Given the complexity of the steps, this is a low-level API we don’t expect any but the most motivated power users to call. Instead, these power users may wrap them in distributed frameworks familiar to users, such as Ray and Spark. This will allow users to leverage their existing cluster infrastructure for their large-scale indexing jobs.

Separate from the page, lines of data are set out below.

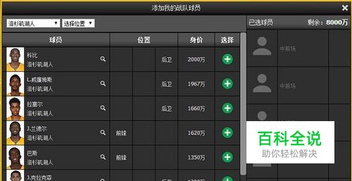 下图为添加球员列表 各位看到了吗?科比的身价只需要2000W就能把他招募到自己的球队当中,而且是整支球队最高身价。作为一个拥有8000W的蓝球经理来说,除了能科比之外,还能招募多几个中前场的得分点,像:杜兰特、霍华德等“壮汉”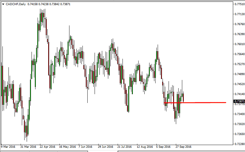 The CAD/CHF pair has been interesting recently, as the market has been grinding lower. This is a market is going to be correlated with oil to a point, after all the Canadian dollar is part of it, but the reality is that it’s more or less a “response/risk off” type of situation. The Swiss franc of course is a safety currency while the Canadian dollar is highly leveraged to commodities. With this, I feel that it’s only a matter time for this market breaks down yet again. Rallies could be selling opportunities as well, as we continue the long gradual grind lower.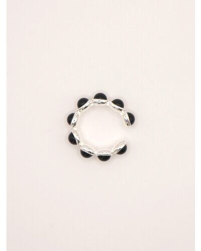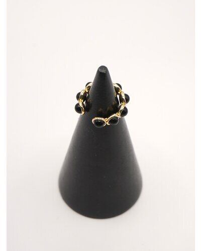 艶感のあるブラックオニキスを贅沢にあしらい、ニュアンス感とモード感が漂うリングは、オニキスが乗った有機的なフォルムが9粒連なり存在感抜群のリングは程良いボリューム感があるので着けるだけで手元にアクセントをプラスしてくれます。リングは開きがある方を表にしても◎単品でつけるのはもちちろん、お手持ちもリングとレイヤー使いしても◎9粒リングはフリーリングではありませんので無理に広げると石が取れる可能性がありますのでご注意ください。TOP付リング内側に「CHIGNON」刻印入り。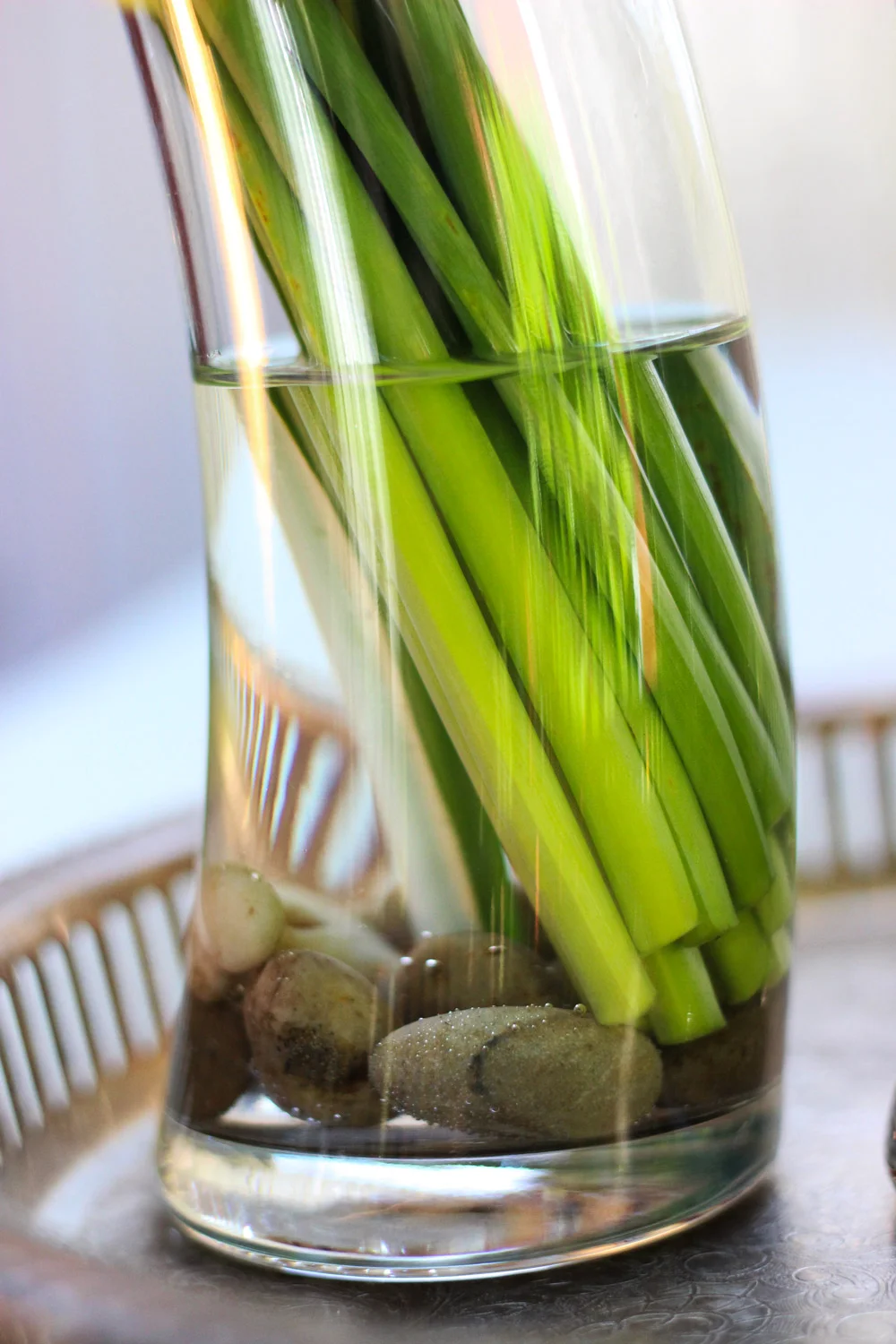 This is the first post in a Series called "Getting Ready for Spring". Spring is coming and the daffodils are out. These bright cheery flowers always remind us of Easter. This is a very simple arrangement made with a simple flower, but the clean lines, the curve in the vase and curve made with the flowers make this a modern arrangement. It is easy, but you do need to get the shape that you will need for the flowers and then cut the stems to achieve that shape. If you have your vase, rocks and daffodils then you are ready to roll. Let's go.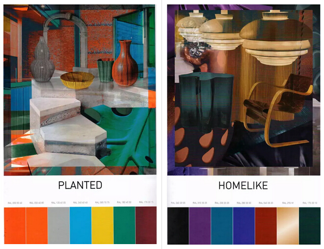 “种植自然PLANTED”这一主题用更有力量而乐观的颜色,表达了在数字化与城市化的背景下,利用大自然的灵感有意识地创造更多空间这一概念。最后一个主题“舒适自在HOMELIKE”强调了重建正在丧失的和谐、大自然与城市生活方式的平衡的重要性,这一主题下的趋势色创造出一种冷淡奢华的氛围。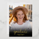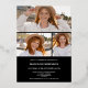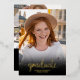 Celebrate the graduate in style with this chic and modern gold foil graduation invitation. Featuring a full-page portrait on the front with elegant script typography, this design keeps it simple yet stylish. The back showcases a collage of three additional photos, making it perfect for capturing special moments. With clean lines and a timeless white background, this invite is ideal for high school or college graduations. Personalise the details to make it uniquely yours! gold on black.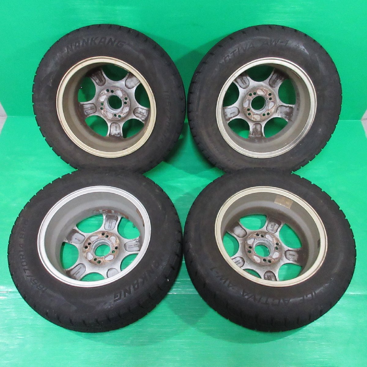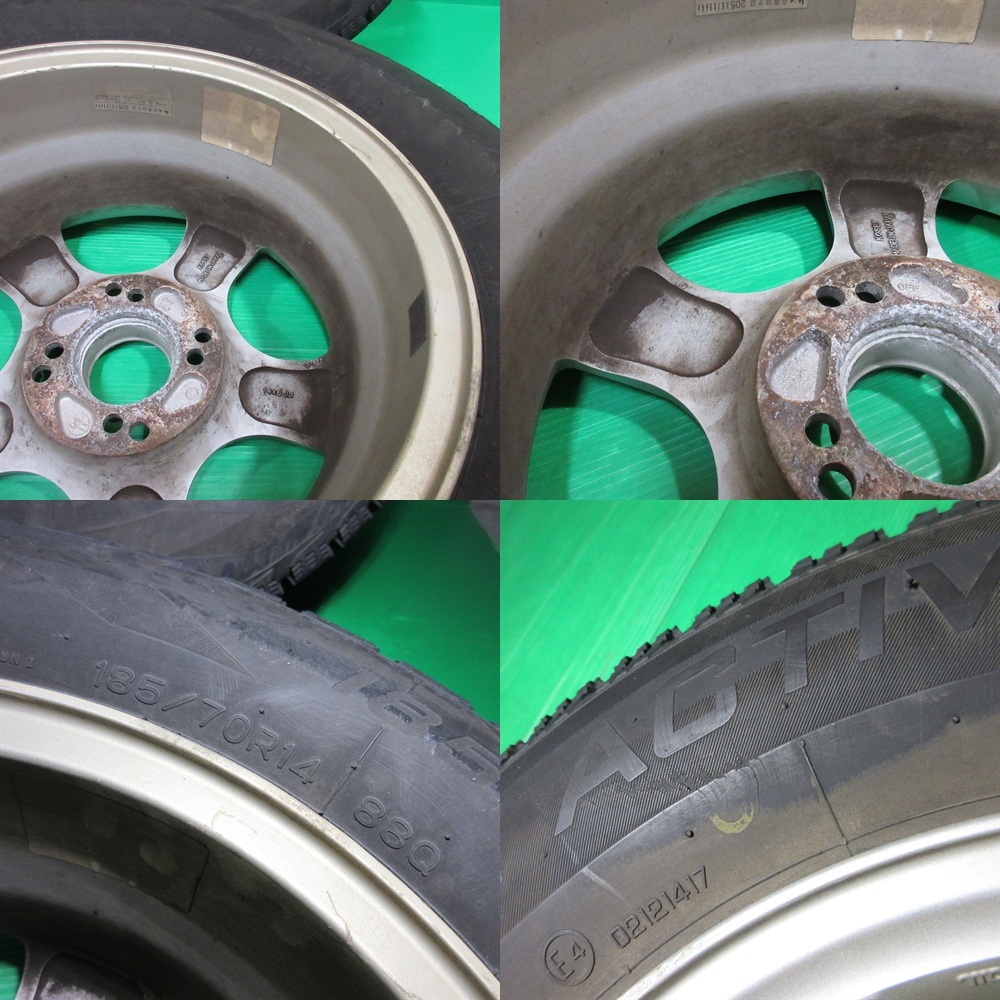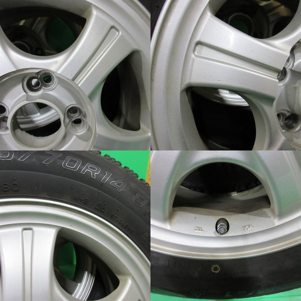 ・備考 【タイヤ】 残り溝:70%-85%山程度 ※雪上でご活躍いただける溝深さです。 サイドの傷:1か所(浅い傷) 【ホイール】 腐食・サビ:中程度に有(裏側) 円周部ガリ傷:3-5か所程度 小傷や浅い傷等:中程度に有 黄ばみ:中程度に有 汚れ付着:中程度に有 ホイールの一言評価『 使用感有 』 ※その他 センターキャップは装着していません。 未洗浄商品です。 ※できるだけ詳細調査致しました。使用品・中古品となりますので、商品画像や商品説明を良くご覧いただいてご検討下さいませ。 ・発送について ![]() | ||||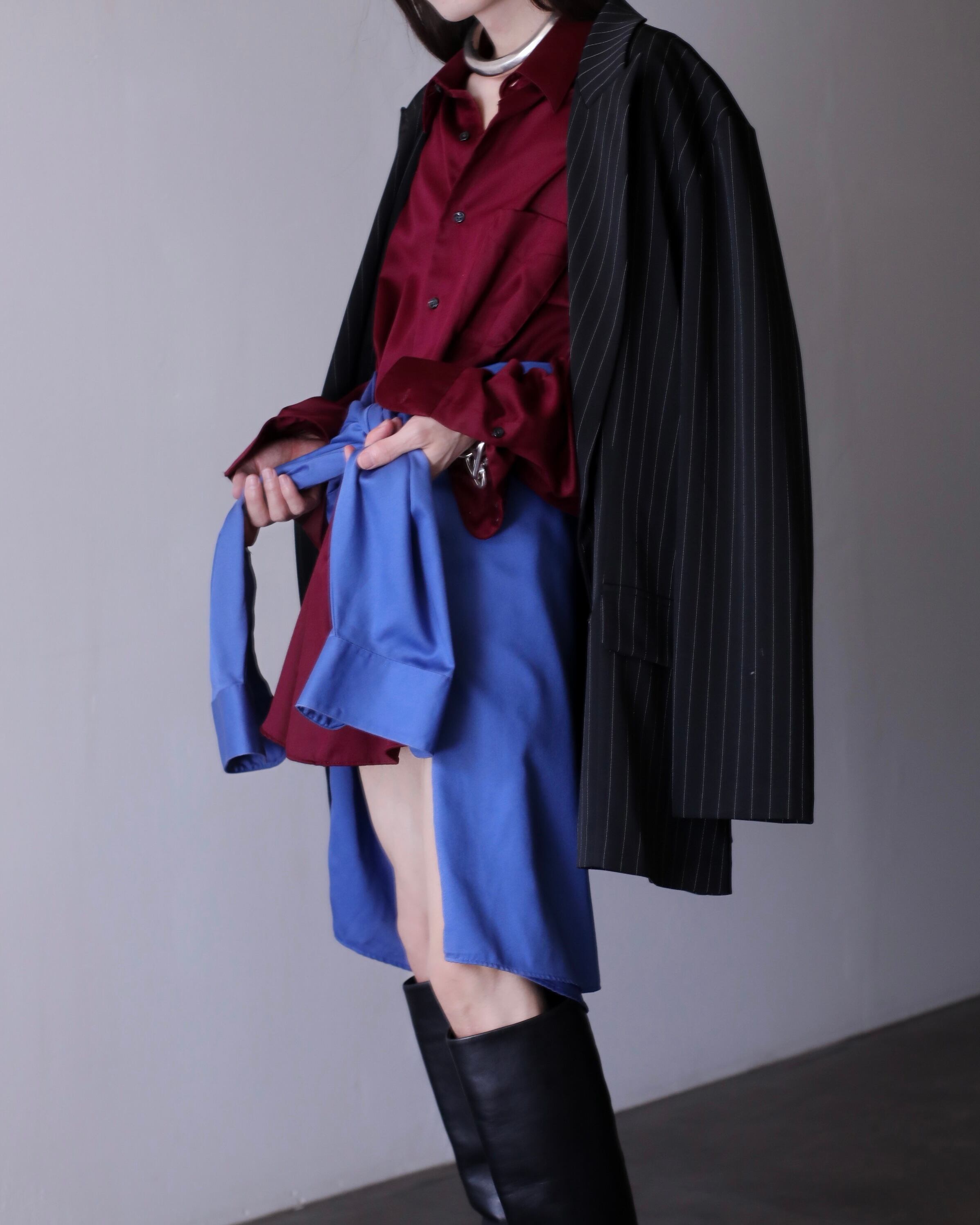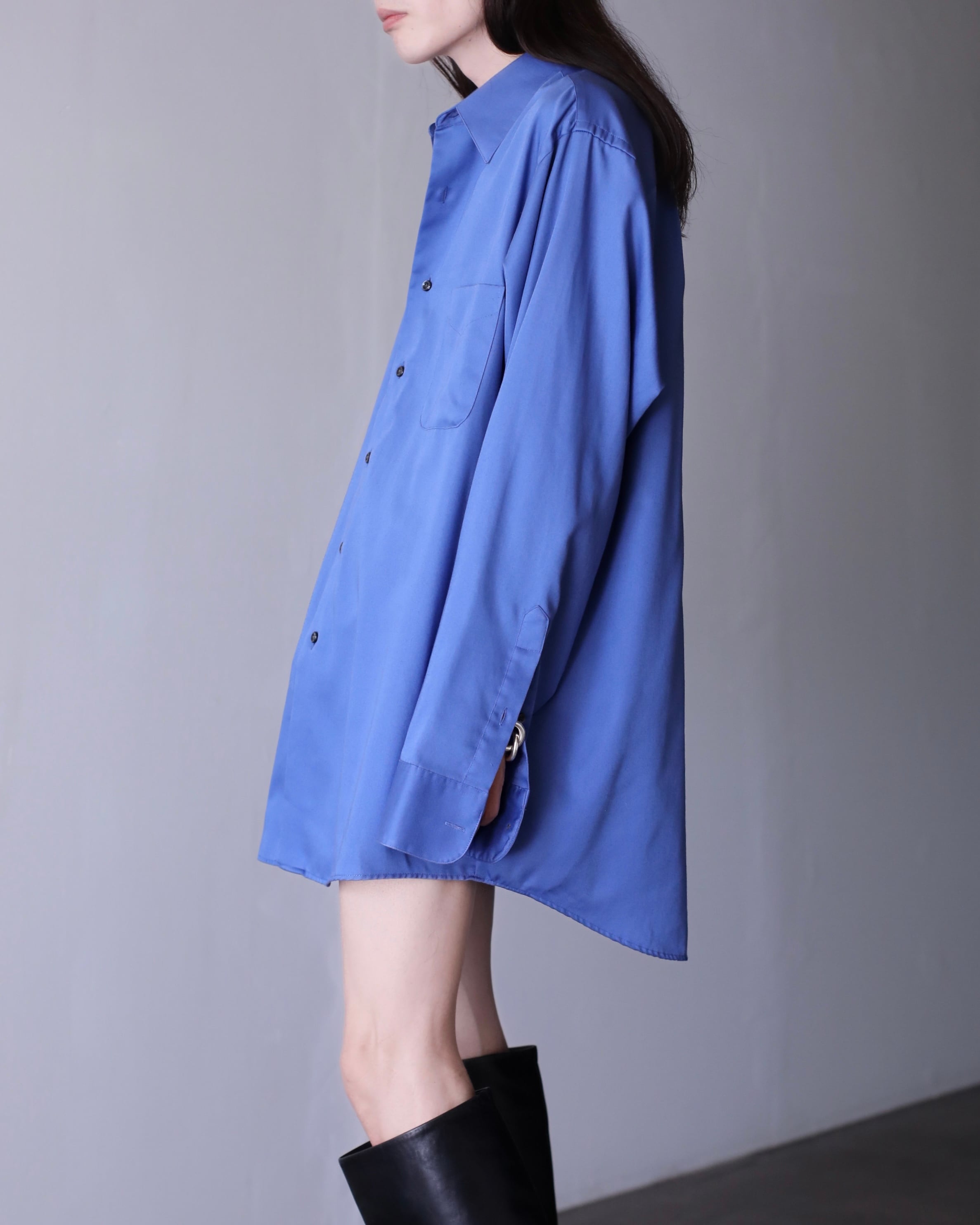 1990s~ cotton satin blue color dress shirt oversized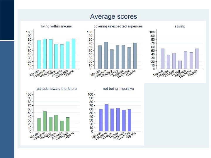 Financial capability scores • We can construct valid and comparable scores for 12 components of financial capability across countries, reflecting concepts most cited in FGs • 10 of these components apply to the entire population: 1. Budgeting 2. Living within means 3. Monitoring expenses 4. Not overspending 5. Using information 6. Covering unexpected expenses 7. Saving 8. Attitude towards the future 9. Not being impulsive 10. Achievement orientation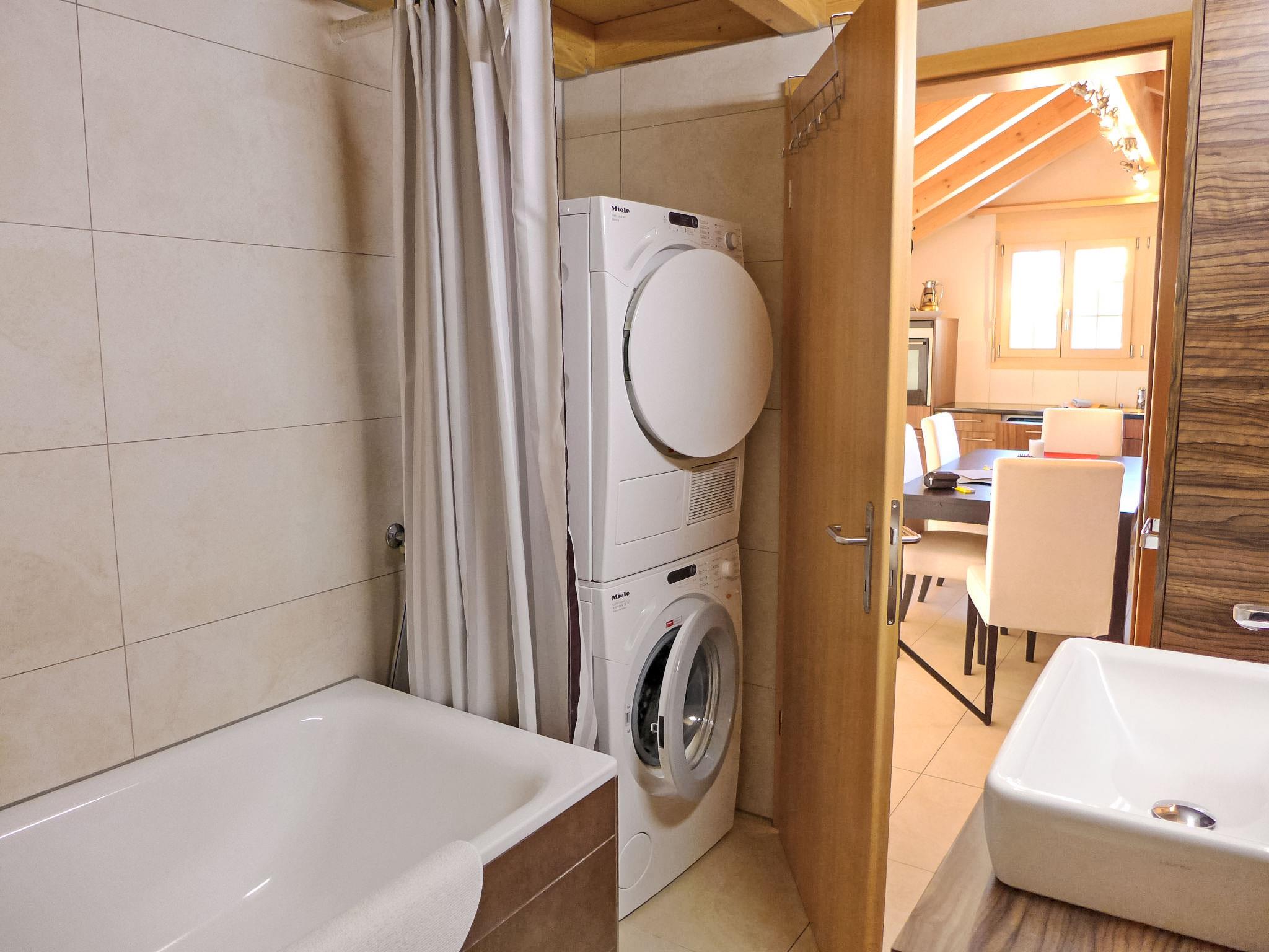 "Staubbach", 4-room maisonette 111 m2 on 2 levels, on the top floor. Spacious and bright, comfortable and cosy furnishings: open living/dining room 30 m2 with cable TV, flat screen, radio and CD-player. Exit to the balcony. 1 room with 1 double bed (2 x 80 cm, length 200 cm). 1 room with 2 beds (90 cm, length 200 cm). Open kitchen (oven, dishwasher, 4 ceramic glass hob hotplates, microwave, electric coffee machine, fondue Set (cheese)). Bath/WC. Upper floor: open gallery with 1 double bed (160 cm, length 200 cm), shower/WC. Balcony, west facing position. Balcony furniture. Marvellous view of the mountains and the countryside. Facilities: washing machine, dryer, iron, hair dryer. Internet (WiFi, free). Parking (1 car) at the house. Please note: suitable for families. Non-smokers only. Instead of an enclosed bedroom, some sleeping areas are located in an open-plan area (gallery, alcove, etc.).

These features were developed by LanceDB engineer Weston Pace and our recent intern Raunak Shah.

Conclusion

These are a few of the major changes in v0.16.0 and v0.16.1. For a full list of changes, see our change logs:

In summary, the updates in Lance v0.16.1 focus on enhancing data management, improving performance, and facilitating distributed processing. The introduction of version tagging allows users to manage dataset versions more effectively. The ability to update subcolumns with merge_insert optimizes data updates, especially beneficial for large datasets. The stabilization of the V2 format ensures consistency and reliability in data storage. Lastly, the new distributed indexing APIs enable more efficient processing of large-scale datasets, paving the way for advanced and scalable data operations. These improvements not only streamline workflows but also expand the possibilities for users working with large and complex datasets.